*PROMPT*
Once you find the line with "Luminea Home Control" in the entries below, return exactly every line from it through the line with "Camera Auto De".

*TASK INPUT*
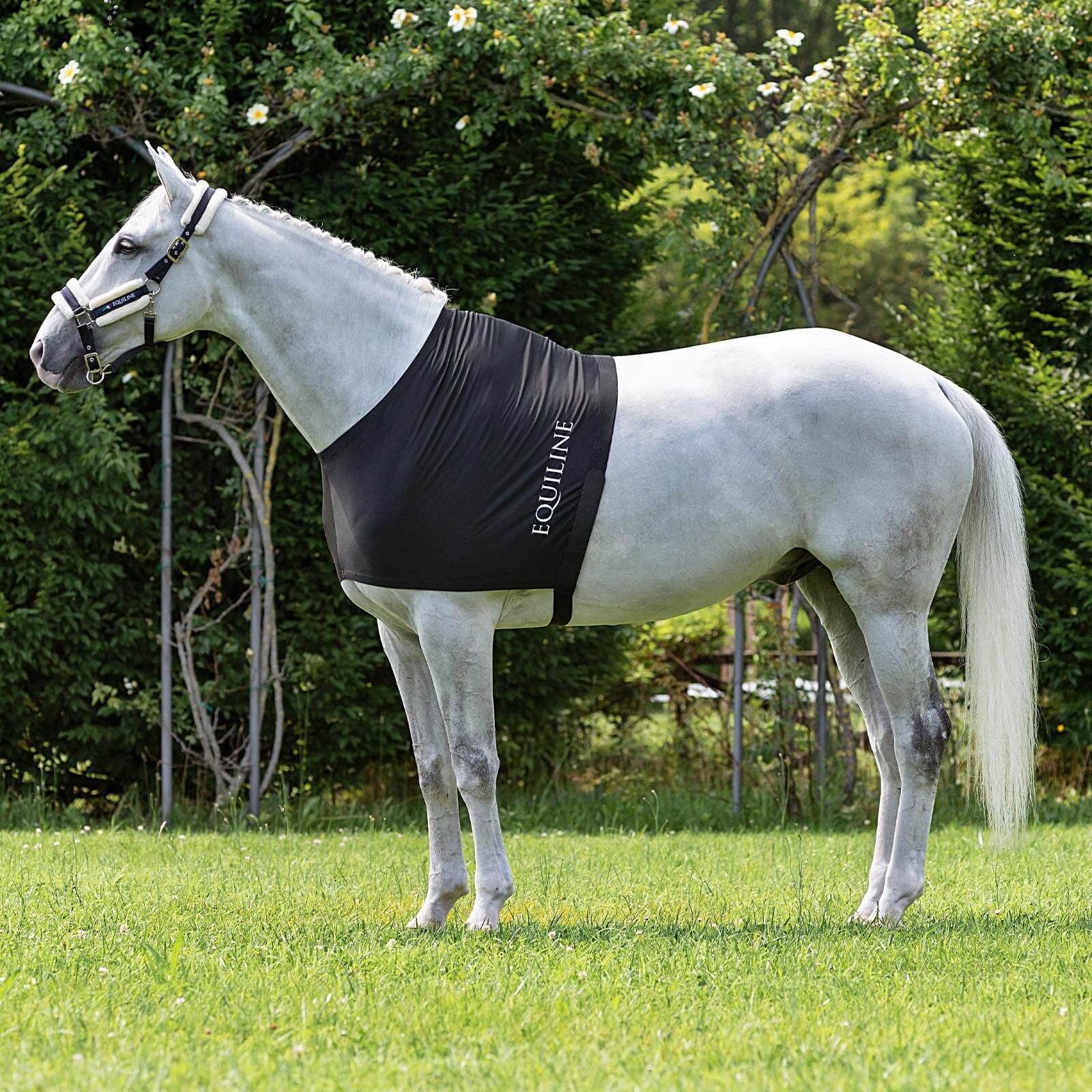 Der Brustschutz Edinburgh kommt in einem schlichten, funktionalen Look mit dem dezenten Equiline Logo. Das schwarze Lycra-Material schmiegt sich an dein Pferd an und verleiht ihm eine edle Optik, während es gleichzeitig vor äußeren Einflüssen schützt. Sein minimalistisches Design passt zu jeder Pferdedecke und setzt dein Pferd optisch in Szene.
--
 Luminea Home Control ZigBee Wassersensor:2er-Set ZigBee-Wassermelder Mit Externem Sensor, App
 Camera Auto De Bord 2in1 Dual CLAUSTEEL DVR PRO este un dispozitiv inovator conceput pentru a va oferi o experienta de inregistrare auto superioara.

*RESPONSE TO THE TASK*
 Luminea Home Control ZigBee Wassersensor:2er-Set ZigBee-Wassermelder Mit Externem Sensor, App
 Camera Auto De Bord 2in1 Dual CLAUSTEEL DVR PRO este un dispozitiv inovator conceput pentru a va oferi o experienta de inregistrare auto superioara.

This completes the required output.